水牛を生贄にするプーセ・ヤーセー

昔むかーし、ドイステープとドイカムの山の麓にラミンナコンという町があり、ルア族が住んでいたとさ。
農業や商売を生業にしていて、町も人も豊かだったとさ。
山にもいろいろな動物が住んでいたが、そこにはプーセ(セ爺)とヤーセ(セ婆)という鬼夫婦と子どもも住んでいたという。
プーセはドイステープを、ヤーセはドイカムをみていたという。
家族は森の動物を食べていたが、狩りに来た村人たちも捕まえてはよく食べていたという。
鬼退治に兵士を送っても、全員食べられてしまい、恐れた村人たちがどんどん町を去るので町は荒廃してしまう。
お釈迦様に助けを求め、お釈迦様が鬼に殺生が良くないことを説かれ、森を守ること、そして果物や野菜を食べることを約束させる。
ただ、これまで肉を食べていたので、1年に1度でいいから人間の肉を供えてくれと懇願。(中略)
結局、水牛を供えることになり、今でも毎年1回、ランナーの暦で9月14日に水牛を供える儀式が行われている。

お供えは12個用意する。
中には、生贄にした水牛の生肉、焼いた肉、煮込んだ肉、もち米のお菓子などが12個ずつ入っている。

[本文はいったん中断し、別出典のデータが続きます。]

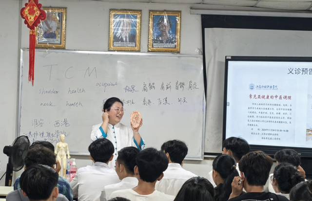 “一纸经方传千年,一枚银针跨古今”,正在第十一个“世界针灸周”到来之际,江苏照顾护士职业学院中医教学团队来到了柬埔寨西哈努克港经济特区,为特区企业员工带来了中医适折技术知识宣讲、义诊效劳等系列流动,通报安康糊口理念,流传中医药文化。 以“‘肩’康有道、‘项’领之罪”为主题的颈肩亚安康中医调度讲座正在柬埔寨西哈努克港工商学院举行。江苏照顾护士职业学院副教授、主治中医师侯丽引见了颈肩亚安康中医调度罕用的穴位按摩、艾灸、拔罐、耳穴等保健办法,并为学员们解答疾病疑问,普及中国传统罪法后果。

プーセ・ヤーセーを含む12の土地の精霊にお供えする。
それぞれの祠には名前が書いてある。

踊りでお釈迦様を出迎える。

お釈迦様の絵を木に吊るす。
この絵、私は本当に大好きで、この絵を見たいからこの行事に来るようなもの。
隅のほうに「1926年」と書いてあるので、97年前に描かれた絵だろうか?
木漏れ日があたって気持ちよく、いつまででも見ていられる。

儀式では、シャーマンの中にプーセ・ヤーセーが入り、お供え物を受け取りに来る。
いつもはおじいさんが入るみたいだけど、今年はおばあさんが入ったらしい。
膝が痛いのか、時々止まり、周りの人に支えながら祠をゆっくりゆっくり回っていく。

その後、おばあさんは出て、今度は同じシャーマンにおじいさんの霊が入った。
服も変えて、おばあさんより元気に歩く。
そして、こちらが行事の目玉。
水牛の生肉を首にかけ、それをかじったり、生血やお酒を飲んだり。
正気なのか本当に乗り移っているのかわからないけど、ちょこちょこと食べていく。
ちなみに座っているのは生贄にした水牛。
(怖い写真は載せません。)

最後に、お釈迦様のところへ行き、挨拶。
集まった人はプーセ・ヤーセーから恩恵を受けようと、手や頭を触ってもらっていた。
近くにいたので私の頭も触ってくれたが、手に血がついているのでドキドキ。
ありがたく聖糸ももらって帰りました。
きっといいことがいっぱいあるに違いない。
未だにこのような儀式があるのがチェンマイの面白いところだな。